• Article

The association between weight change and symptom reduction in the CATIE schizophrenia trial

Citation

Hermes, E., Nasrallah, H., Davis, V., Meyer, J., McEvoy, J., Goff, D., ... Rosenheck, R. (2011). The association between weight change and symptom reduction in the CATIE schizophrenia trial. Schizophrenia Research, 128(1-3), 166-170. DOI: 10.1016/j.schres.2011.01.022

Abstract

BACKGROUND: Weight gain and changes in metabolic indicators associated with some antipsychotics may be related to symptom improvement and thus an unavoidable correlate of clinical benefit.

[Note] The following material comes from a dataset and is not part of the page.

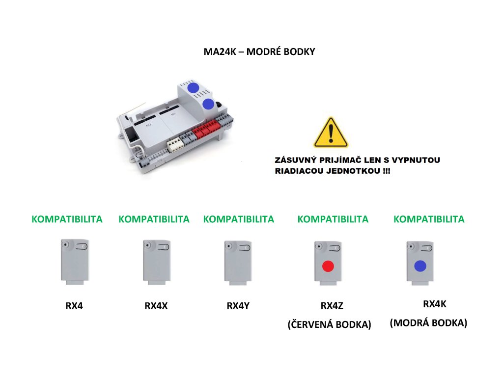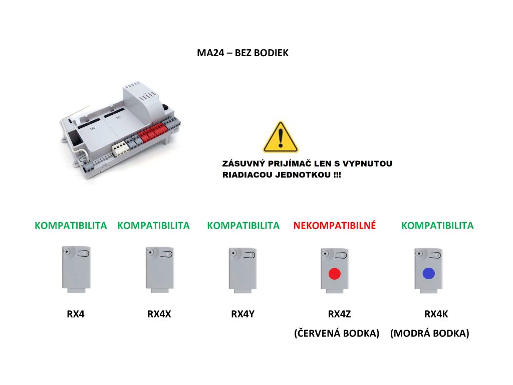 900MA24Z základ řídící jednotky CT-14AB2Z 24V bez relé modulů, nutná programovací jednotka 9 DYL, kompatibilní s přijímačem RX4 a RX4Z přijímač je třeba vložit do řídící jednotky ještě před uvedením pod napětí. jakmile dostane řídící jednotka napětí tak rozpoznává zda je vložen přijímač RX4, RX4X, RX4Y a RX4Z.

METHODS: Data from the CATIE schizophrenia trial comparing the effectiveness of perphenazine, olanzapine, risperidone, quetiapine and ziprasidone in a randomized, double-blind, trial over 18 months were used to evaluate the relationship between percent change in body mass index (BMI) and change in total serum cholesterol and triglycerides with the Positive and Negative Syndrome Scale (PANSS) score. Analysis of covariance for observations at 3 months and a mixed effects model for all observations up to 18 months adjusted for potentially confounding variables were used to examine these associations.

RESULTS: In both models, there was a significant association (p = 0.001) between change in PANSS total score and percent change in BMI, equating to a 0.28 and 0.21 point decrease in PANSS total score (range 30-210) per 1% increase in BMI respectively. Change in BMI accounted for 3% or less of variance for change in PANSS scores. There was no evidence that the association of symptoms and weight gain differed across medications in spite of substantial differences in weight gain and other metabolic measures. Neither total serum cholesterol nor triglyceride levels displayed a significant association with change in PANSS.

CONCLUSION: The magnitude of the relationship between change in BMI and PANSS was too small to be clinically important, indicating that switching medications to one with less metabolic risk is unlikely to result in meaningful loss of clinical benefit.